At the end of the 70 years’ captivity, Daniel prayed to God for the deliverance of His people and His nation. God revealed to Daniel in vision that He would give another 490 years to the nation of Judah as a theocracy. In this incredible prophecy, found in Daniel 9:24-27, God shows Daniel that in the last 7 years of this time period, the Messiah would come to Israel, and that he would be “cut off” in the midst of the week—not for Himself, but to make an atonement for sin. But what about the end of the 490 years? What would become of Israel at that time? The prophecy doesn’t specify—only to say that this time period was “determined” or “cut off” from a much longer time period in Daniel 8:14, which points to a final and climactic cleansing of God’s heavenly sanctuary.
No doubt, God’s plan for Israel was far greater than what we have seen through history. God didn’t want to see Israel go into captivity. God had planned for Israel to become a light to all nations, demonstrating to the world what God’s system of government could look like. It wasn’t God’s intention that the leaders of Judah should reject the Messiah.

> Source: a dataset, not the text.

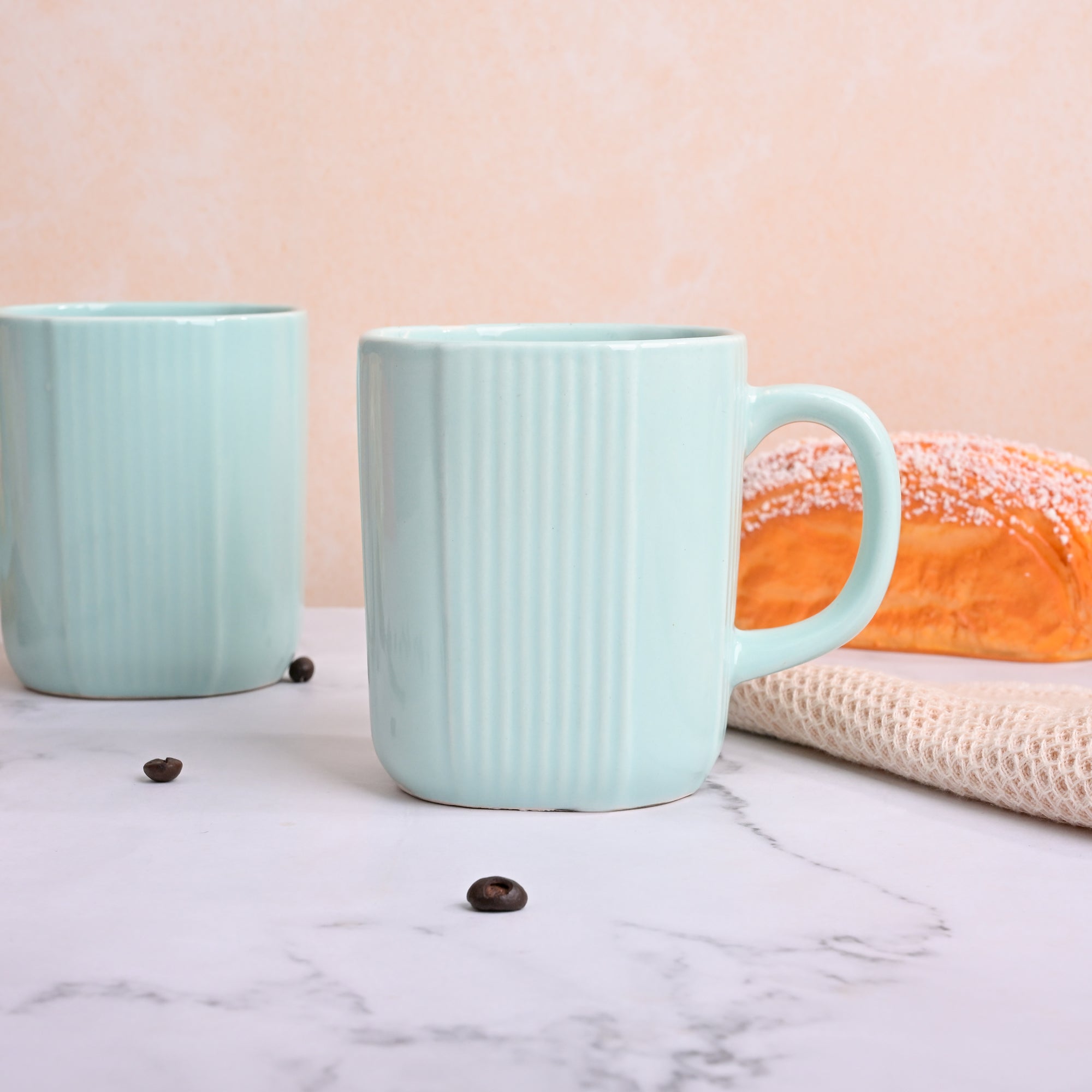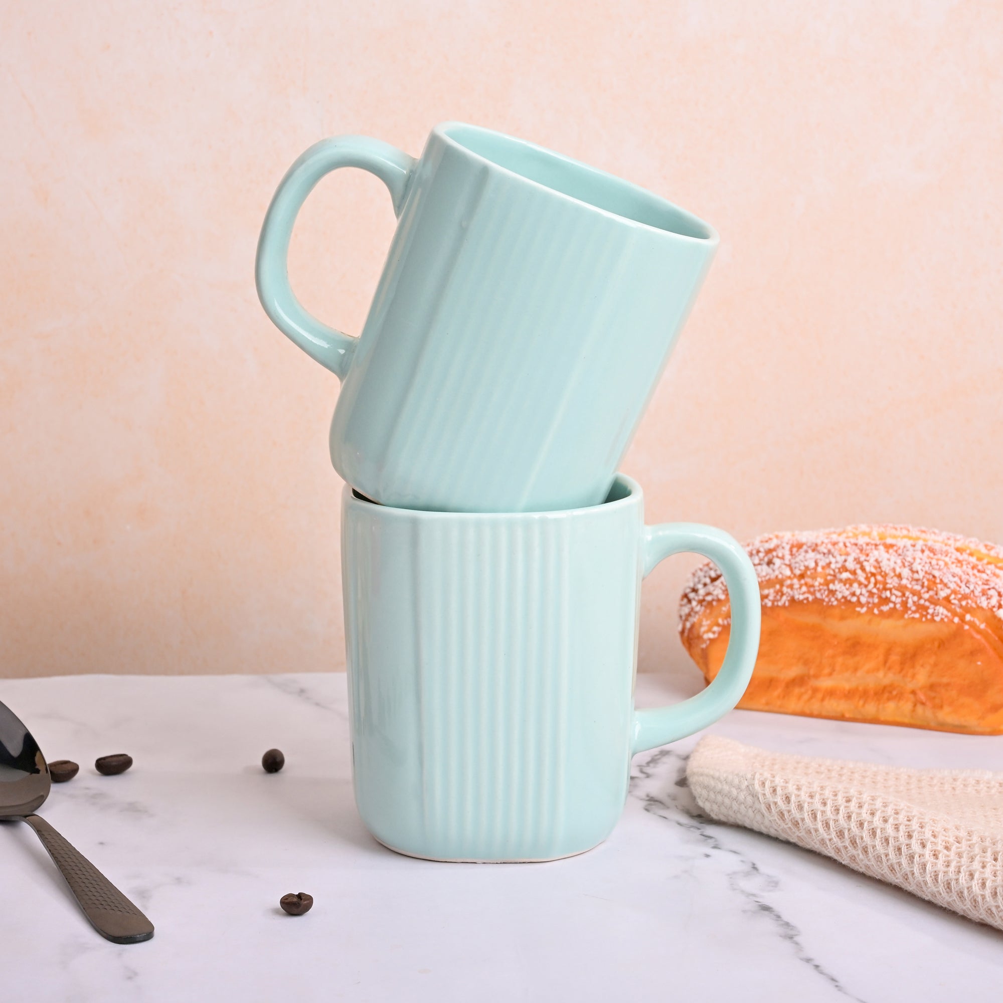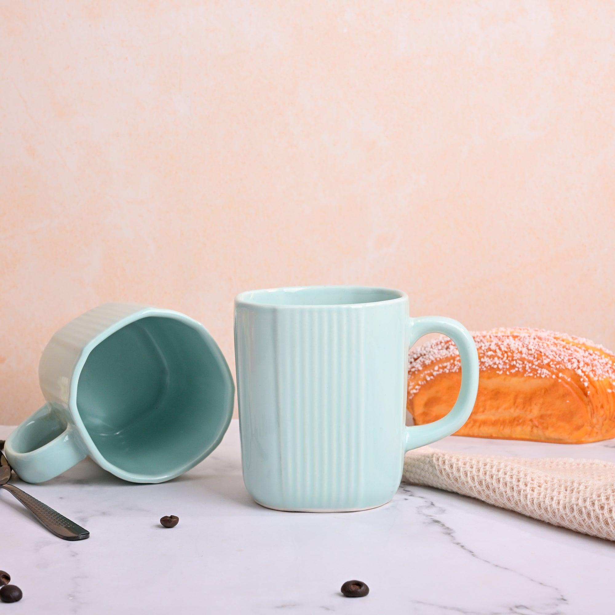 Light Green Unique Ceramic Coffee Mug (Set of 2)

If you read the prophecies of Isaiah, Jeremiah, Ezekiel and minor prophets like Zechariah, we see prophecies of a future, glorious Israel—an Israel like nothing we’ve seen in history. Many have taken this to mean that the theocracy of Israel will return once again, with a rebuilt Jerusalem temple. But if we read the Bible carefully, we will realize that the literal fulfillment of these prophecies was conditional to Israel’s obedience. Had Israel obeyed God, the nation of Israel could have become the foremost in spreading the Gospel of Jesus to the world.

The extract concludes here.